Thomae: Maßvolle Reform
Bundesinnenministerin Nancy Feather hat Pläne zur Straffung des Abschiebeprozesses vorangetrieben. Wer gesetzlich zur Ausreise aus Deutschland verpflichtet sei, müsse auch ausreisen, sagte der SPD-Politiker. „Ein Rechtsstaat darf sich nicht täuschen lassen“, sagte sie. Porat kritisierte den Entwurf eines „Rückführungsverbesserungsgesetzes“, der teilweise Maßnahmen vorsehe, die „in Grundrechte eingreifen“. Daher sollte Ihr Team noch einmal prüfen, ob dies sinnvoll ist. Aber der Innenpolitiker der Liberaldemokratischen Partei Stephen Toma sagte, dies sei eine maßvolle Reform.
Das Projekt soll dafür sorgen, dass Räumungen nicht mehr oft in letzter Minute scheitern, etwa weil die betroffene Person nicht gefunden werden kann. Die maximale Dauer der Einwanderungshaft wird von derzeit 10 Tagen auf 28 Tage verlängert. Darüber hinaus ist vorgesehen, dass die Befugnisse der Behörden dahingehend erweitert werden, dass beispielsweise in Gemeinschaftsunterkünften auch Vertreter der Behörden Zutritt zu anderen Räumen als dem Zimmer des Abzuschiebenden erhalten. Auch Schlepper sollen schneller abgeschoben werden können.
CDU-Innenpolitiker Christoph de Vries sagte, es sei erfreulich, dass die Ampel nun erste Anstrengungen unternehme, Räumungsbarrieren abzubauen.
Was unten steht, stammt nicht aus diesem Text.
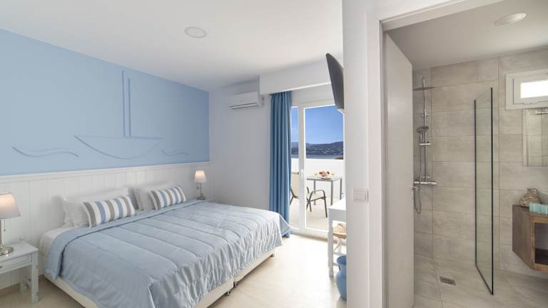 Die Zimmer im Naiades Marina Hotel sind modern und komfortabel eingerichtet. Jedes Zimmer verfügt über einen Balkon, ein eigenes Bad mit Dusche und kostenfreien Pflegeprodukten sowie Annehmlichkeiten wie einen Safe, einen Wasserkocher, einen Kleiderschrank und einen Flachbild-TV. WLAN ist im gesamten Hotel verfügbar.
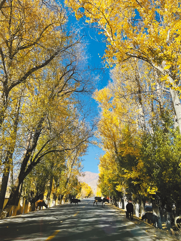 林周縣公路上悠閑的牛。市民小卓嘎供圖
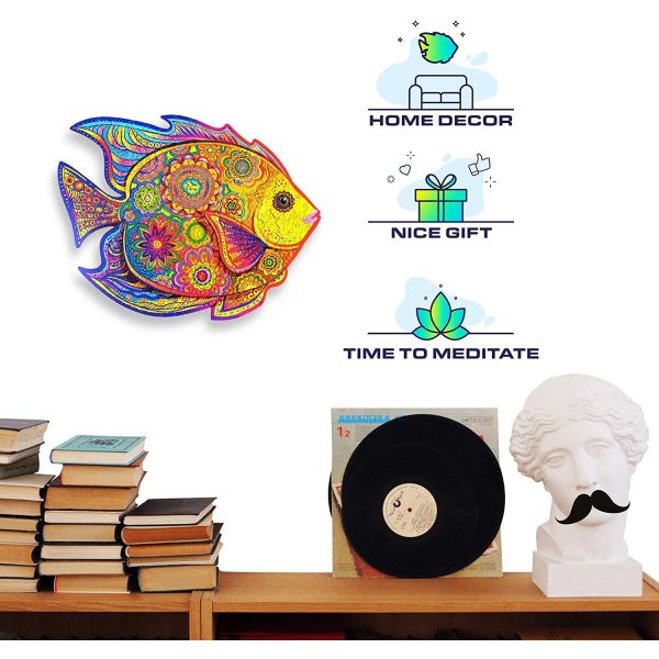 Wooden Jigsaw Puzzle, Best Gift for Adults and Kids, Unique Shape Jigsaw Pieces Shining Fish
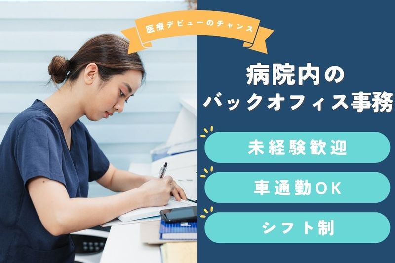 仕事の内容 ✨医療現場を裏側から支えるやりがいを実感!✨\総合病院での医師事務作業補助スタッフ募集/診察業務がスムーズに進むよう、医師の事務作業を支えるバックオフィス業務をお任せします。患者さま対応は一切なし◎医療現場でありながら、落ち着いた環境で集中して働けるのが魅力です。【主な業務内容】✅ 診断書・紹介状などの書類作成(代行印刷を含む)✅ 電子カルテへの代行入力✅ 医師からの事務依頼対応(スケジュール管理や雑務含む)✅ 保険会社提出用の書類作成補助✅ 診察サポート(記録補助や診察順の管理など)業務はすべて医師の指示に基づいて行うため、専門的な医療知識や資格は不要です。「事務経験を活かしたい」「医療業界に興味があるけど、接客は避けたい」そんな方にピッタリのお仕事です。基本的なPC操作ができればOK!はじめは先輩スタッフが丁寧にサポートするので、安心してスタートできます。病院勤務ならではの安定性と、縁の下の力持ちとして貢献できるやりがいを感じながら働ける環境です。医療現場の一員として、新たなキャリアを築いてみませんか?まずはお気軽にご応募ください◎ お問い合わせの際には下記【お仕事No】をお伝えください。 お仕事No:66698
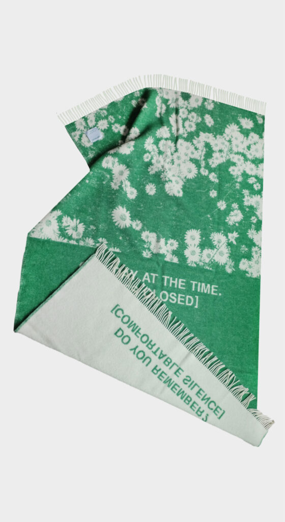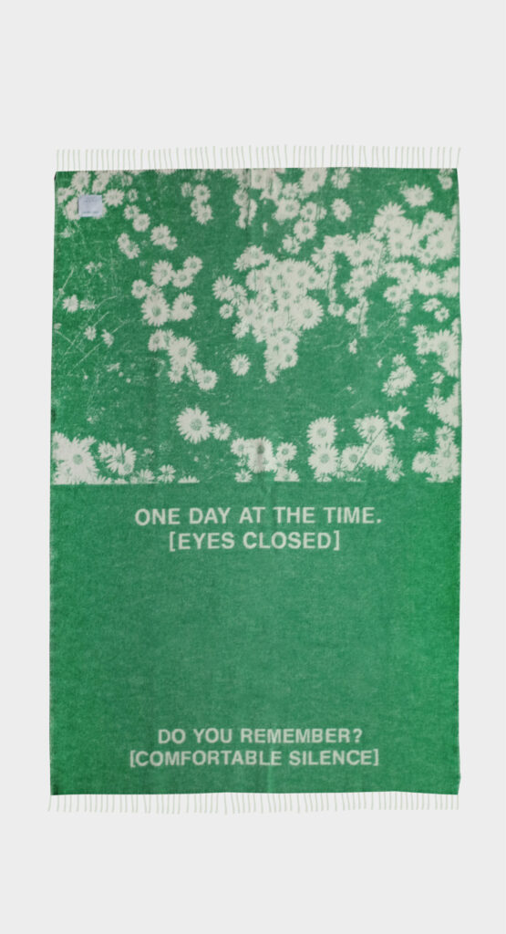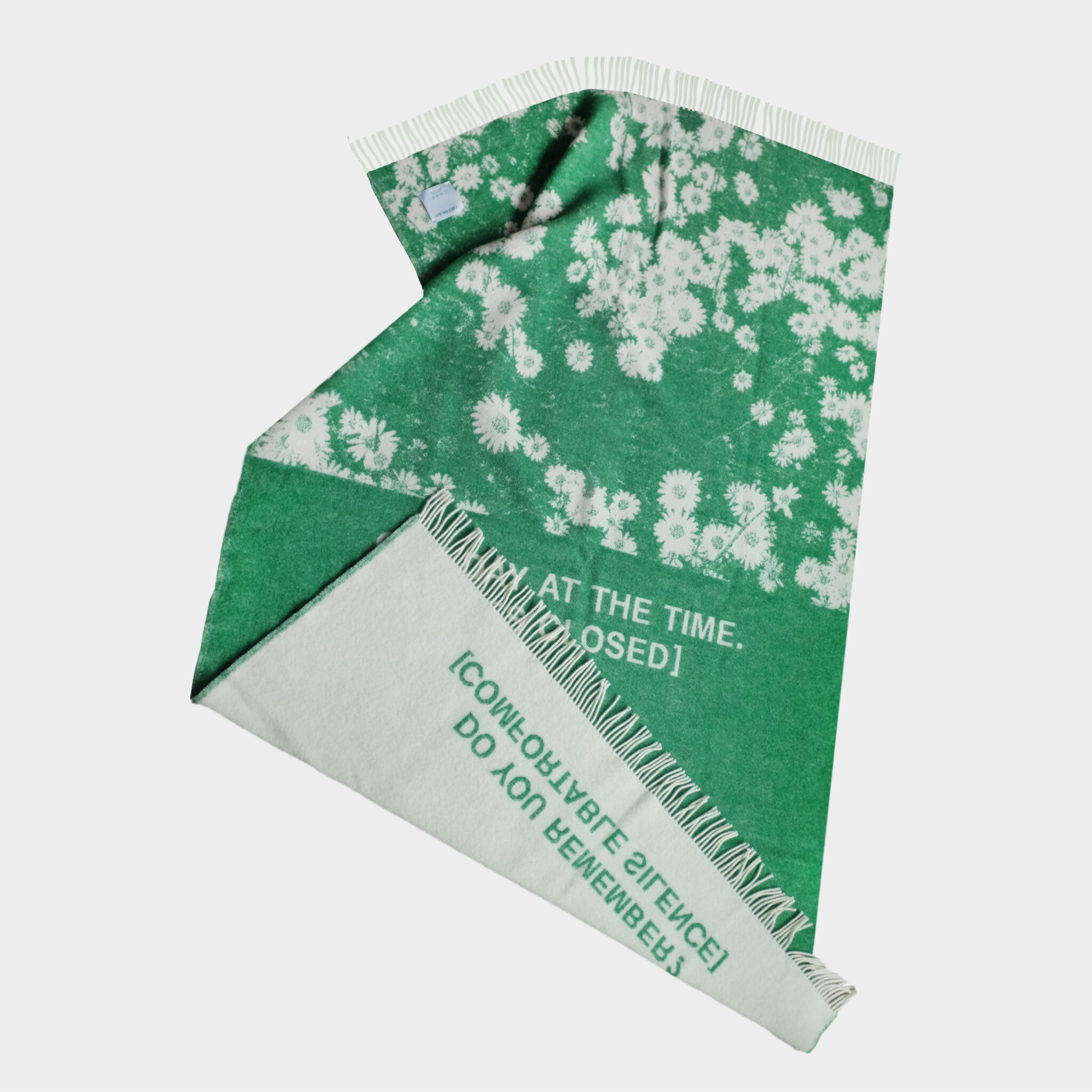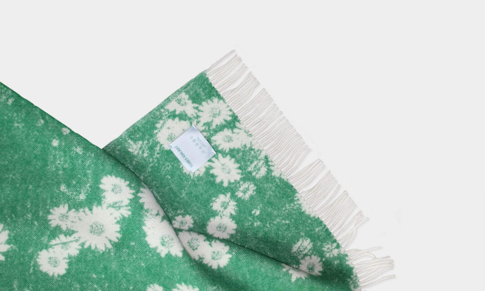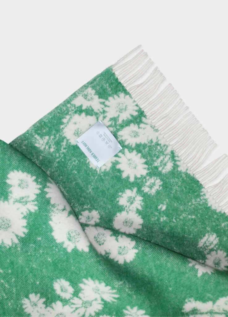 Woven in 100% New Zealand virgin wool, the Meadow blanket captures an intimate memory of late summer in a soft, tactile weave. Its lively green ground evokes sun-warmed grass, with a scattering of daisies drifting across the surface like a quiet afternoon paused in time. Subtle captions introduce a calm, almost cinematic pause — a suggestion of narrative without a fixed story — a gentle reminder of summer’s lushness, preserved in wool.
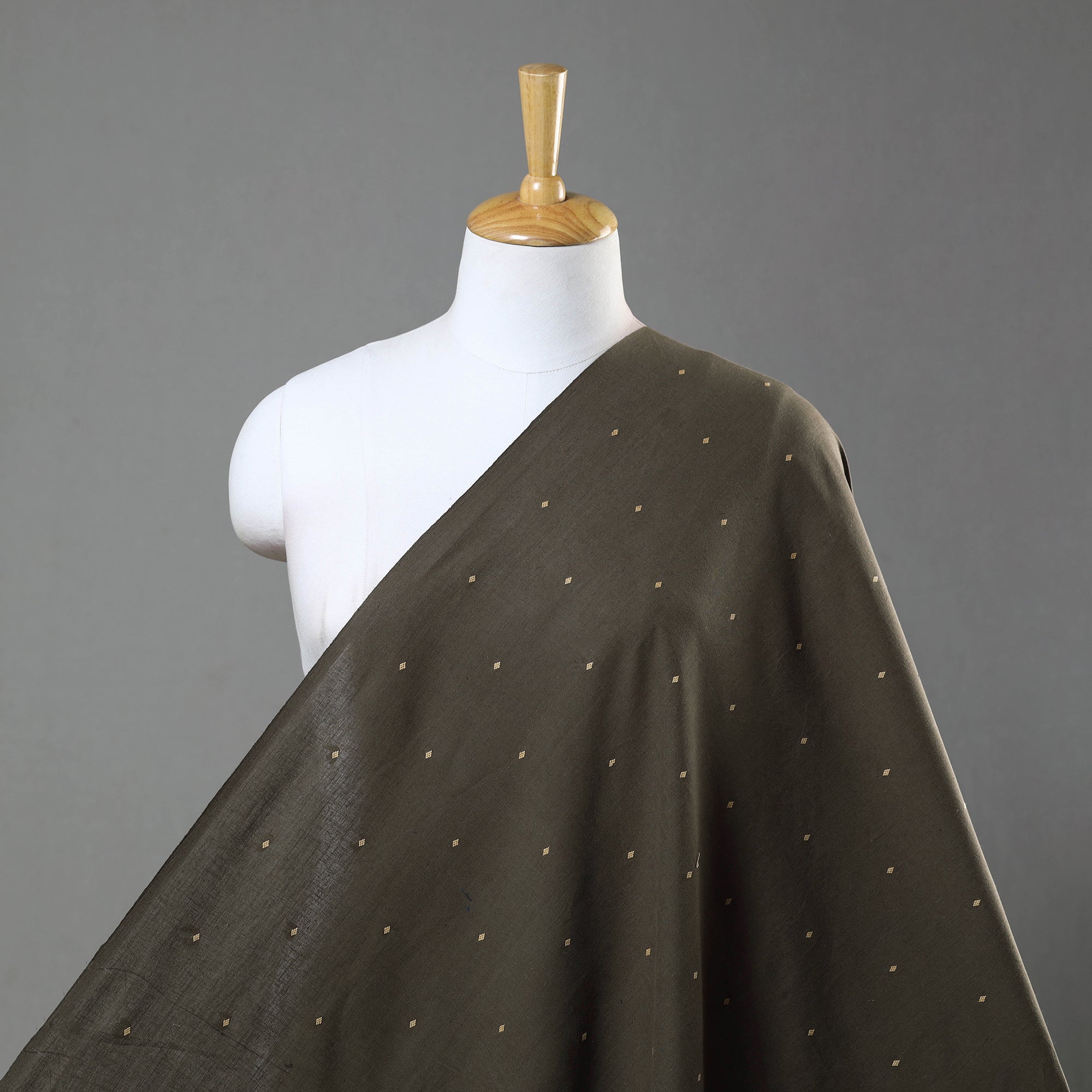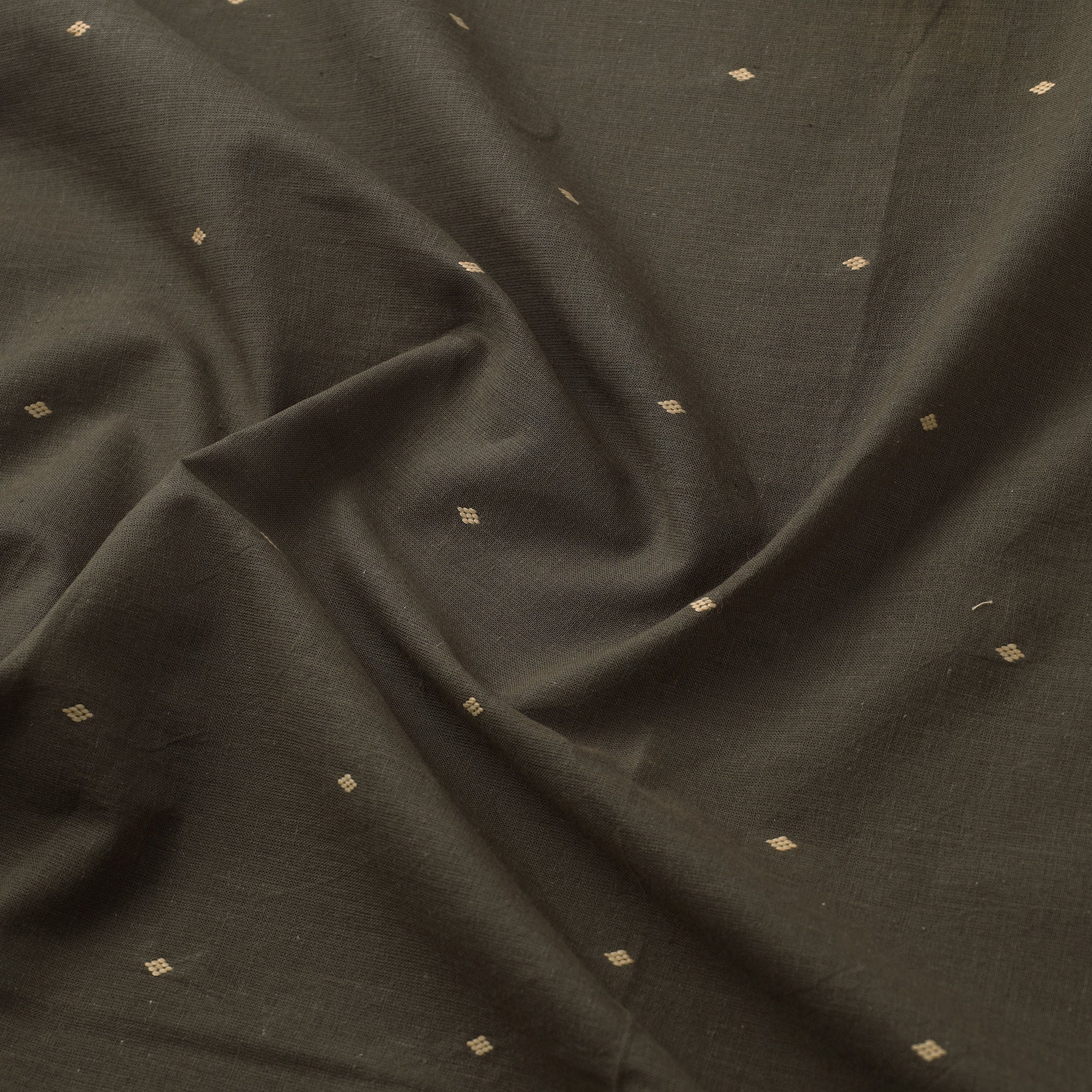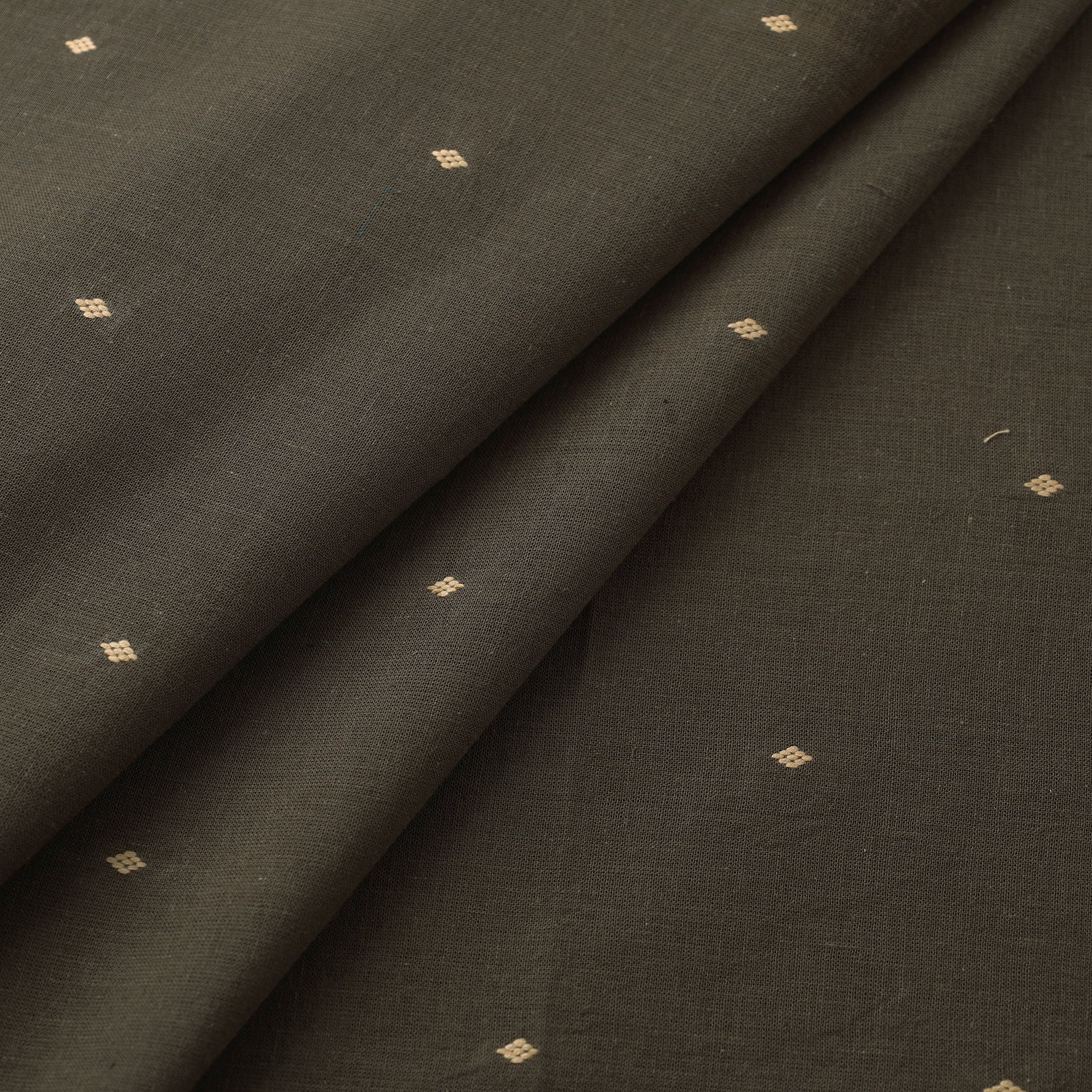 This fine olive green prewashed cotton jacquard fabric from Tamil Nadu showcases intricate woven patterns that add a touch of elegance to any project. Known for its durability and breathability, making it ideal for clothing or home décor. Prewashing ensures minimal shrinkage.
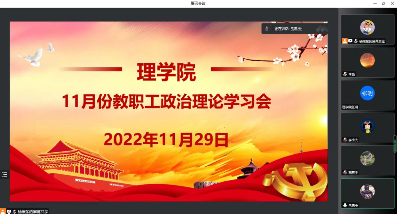 2022年11月29日下午,Beat365中文官方网站党总支召开2022年11月份教职工政治理论学习研讨会。人文学院党总支书记杨光、统战部综合管理科科长高雯宇旁听会议,Beat365中文官方网站党总支二级中心组成员、全体无课教师参加线上会议,会议由总支书记李小光主持。
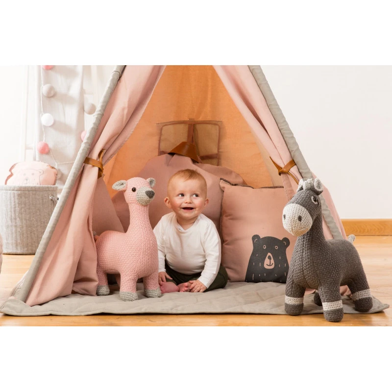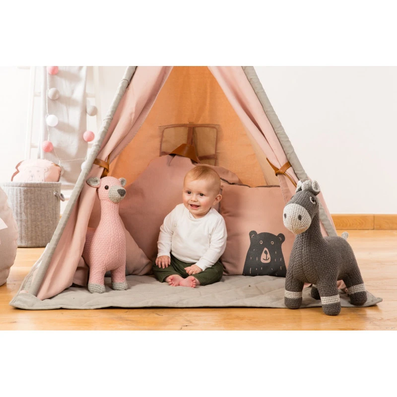 Pour une décoration moderne et douce, craquez pour cette mignonne petite biche tricotée et imaginée par Pericles. Rose poudré et grise, cette adorable petite biche est conçue de telle façon qu’elle tient debout seule, vous pourrez ainsi la poser simplement au sol ou la positionner sur un meuble. Au gré de vos envies, la biche tricotée Pericles décore la chambre de votre tout petit avec élégance et douceur. Parfaite pour une petite fille, la biche tricotée Pericles apporte à sa chambre une ambiance chaleureuse et ludique. La biche tricotée de la marque Pericles, d’une hauteur de 38 cm est dotée d’une structure intérieure en bois qui lui garantit robustesse et stabilité. La petite biche tricotée Pericles est le cadeau parfait à glisser dans votre liste de naissance !
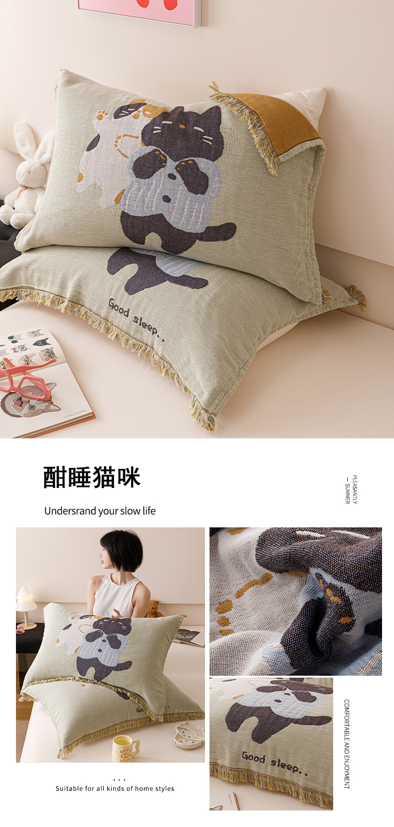 • 91家纺网 家纺一手货源 找家纺 麻依 2024新款全棉流苏款四层纱布枕巾52*75cm 酣睡猫咪
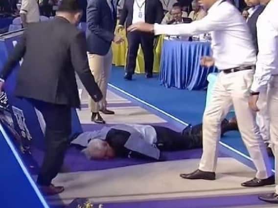 இந்நிலையில், இன்று தொடங்கிய மெகா ஏலத்தின் முதல் செஷனில் 10 வீரர்கள் எடுக்கப்பட்டனர். அதனை அடுத்து தொடங்கிய இரண்டாவது செஷனில், ஏலம் நடத்திய தொகுப்பாளர் ஹூக் எட்மெட்ஸ் திடீரென மயங்கி விழுந்தார். இதனால் அங்கு பரபரப்பு ஏற்பட்டது. கீழே விழுந்த தொகுப்பாளரை யாரும் தூக்க வராமல், அங்கிருந்த ஐபிஎல் உரிமையாளர்கள் உட்பட அனைவரும் வேடிக்கை பார்த்து நின்றனர். அதனை அடுத்து, சிறிது நேரத்திற்கு ஐபிஎல் ஏலம் ஒத்திவைக்கப்பட்டுள்ளது. மேலும், தொகுப்பாளர் ஹூக் எட்மெட்ஸிற்கு மருத்துவ உதவிகள் செய்யப்பட்டு வருகிறது.
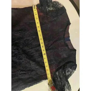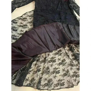 This is the most stunning dress ever. A gorgeous burgundy underlay with navy lace, sheer sleeves, dropped waist, and large 80s glam bow at the drop waist.

Aber das reicht nicht aus. Wichtiger ist es, die Kontrolle darüber zurückzugewinnen, wer in das Land einreist.
In den Jahren 2021 und 2022 werden jedes Jahr etwa 12.000 Menschen abgeschoben. Im Gesetzentwurf heißt es, dass unter der Annahme strengerer Regeln pro Jahr rund 600 Menschen mehr zur Ausreise aufgefordert werden könnten als bisher. Nach Angaben des Bundesinnenministeriums wurden bis Ende Oktober 250.749 Menschen zur Ausreise aus Deutschland aufgefordert. Darunter sind 201.084 Personen mit einer Duldung, die eine vorübergehende Aussetzung der Abschiebung vorsieht. Gründe für die Duldung können Krankheit oder fehlende Ausweispapiere sein.
Clara Bonge (Linke) kritisierte den Gesetzesentwurf als Beweis dafür, dass das Bündnis aus Sozialdemokraten, Grünen und FDP dem „gesellschaftlichen Druck von rechts“ nachgegeben habe. Bernd Baumann von der Partei Alternative für Deutschland (AfD) sagte, es habe „keinen Zweck“, das Land für weniger als sechs Monate in Haft zu lassen.